Records from a collection:

%%

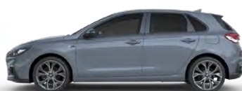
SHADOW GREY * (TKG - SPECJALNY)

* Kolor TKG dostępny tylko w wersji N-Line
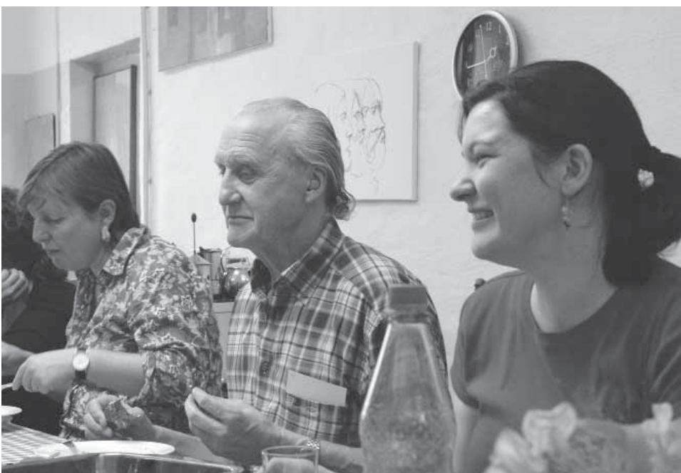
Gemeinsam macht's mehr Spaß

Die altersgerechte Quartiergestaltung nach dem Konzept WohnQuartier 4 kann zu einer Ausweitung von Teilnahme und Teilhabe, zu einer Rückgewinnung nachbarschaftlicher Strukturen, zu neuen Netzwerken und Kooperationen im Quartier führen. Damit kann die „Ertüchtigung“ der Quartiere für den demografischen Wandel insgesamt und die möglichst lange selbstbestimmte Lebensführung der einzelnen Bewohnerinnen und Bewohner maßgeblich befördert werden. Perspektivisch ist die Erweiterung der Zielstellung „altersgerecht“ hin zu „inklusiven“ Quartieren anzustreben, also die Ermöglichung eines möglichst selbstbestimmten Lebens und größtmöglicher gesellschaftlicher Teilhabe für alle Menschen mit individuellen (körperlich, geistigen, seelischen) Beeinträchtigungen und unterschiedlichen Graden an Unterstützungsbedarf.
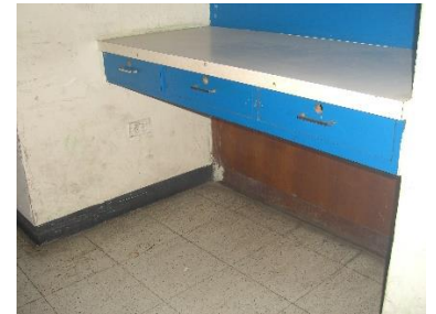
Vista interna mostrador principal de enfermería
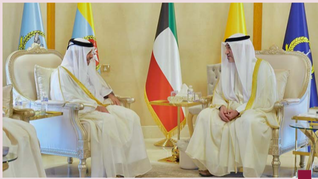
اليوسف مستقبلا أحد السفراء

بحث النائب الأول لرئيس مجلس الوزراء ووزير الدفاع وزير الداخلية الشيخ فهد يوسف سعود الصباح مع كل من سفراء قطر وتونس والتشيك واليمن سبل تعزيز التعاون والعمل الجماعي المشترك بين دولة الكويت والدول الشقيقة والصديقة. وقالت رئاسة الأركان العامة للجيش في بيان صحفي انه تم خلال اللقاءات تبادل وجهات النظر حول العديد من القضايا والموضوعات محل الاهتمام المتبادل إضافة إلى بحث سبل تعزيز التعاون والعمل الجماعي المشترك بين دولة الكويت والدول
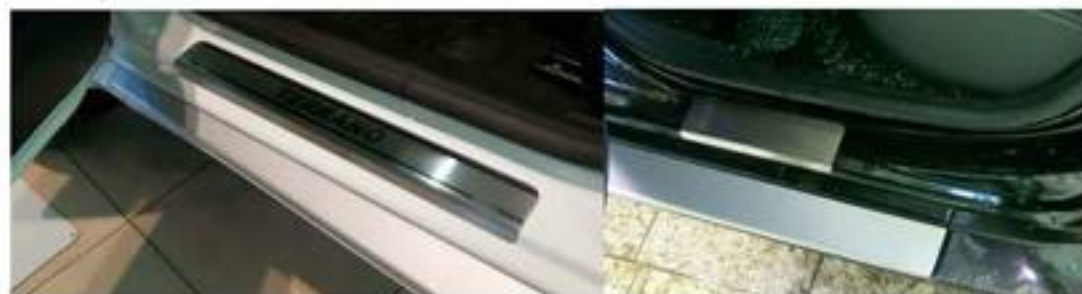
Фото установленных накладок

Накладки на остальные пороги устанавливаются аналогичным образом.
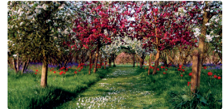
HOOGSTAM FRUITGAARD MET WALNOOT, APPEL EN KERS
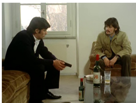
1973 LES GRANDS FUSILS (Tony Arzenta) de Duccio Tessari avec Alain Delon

%%

- **PROBLEM REQUIREMENTS**:
Although the records contain pictures, restate them word for word with those pictures left out.

- **ANSWER TO THIS EXERCISE**:
SHADOW GREY * (TKG - SPECJALNY)

* Kolor TKG dostępny tylko w wersji N-Line
Gemeinsam macht's mehr Spaß

Die altersgerechte Quartiergestaltung nach dem Konzept WohnQuartier 4 kann zu einer Ausweitung von Teilnahme und Teilhabe, zu einer Rückgewinnung nachbarschaftlicher Strukturen, zu neuen Netzwerken und Kooperationen im Quartier führen. Damit kann die „Ertüchtigung“ der Quartiere für den demografischen Wandel insgesamt und die möglichst lange selbstbestimmte Lebensführung der einzelnen Bewohnerinnen und Bewohner maßgeblich befördert werden. Perspektivisch ist die Erweiterung der Zielstellung „altersgerecht“ hin zu „inklusiven“ Quartieren anzustreben, also die Ermöglichung eines möglichst selbstbestimmten Lebens und größtmöglicher gesellschaftlicher Teilhabe für alle Menschen mit individuellen (körperlich, geistigen, seelischen) Beeinträchtigungen und unterschiedlichen Graden an Unterstützungsbedarf.
Vista interna mostrador principal de enfermería
اليوسف مستقبلا أحد السفراء

بحث النائب الأول لرئيس مجلس الوزراء ووزير الدفاع وزير الداخلية الشيخ فهد يوسف سعود الصباح مع كل من سفراء قطر وتونس والتشيك واليمن سبل تعزيز التعاون والعمل الجماعي المشترك بين دولة الكويت والدول الشقيقة والصديقة. وقالت رئاسة الأركان العامة للجيش في بيان صحفي انه تم خلال اللقاءات تبادل وجهات النظر حول العديد من القضايا والموضوعات محل الاهتمام المتبادل إضافة إلى بحث سبل تعزيز التعاون والعمل الجماعي المشترك بين دولة الكويت والدول
Фото установленных накладок

Накладки на остальные пороги устанавливаются аналогичным образом.
HOOGSTAM FRUITGAARD MET WALNOOT, APPEL EN KERS
1973 LES GRANDS FUSILS (Tony Arzenta) de Duccio Tessari avec Alain Delon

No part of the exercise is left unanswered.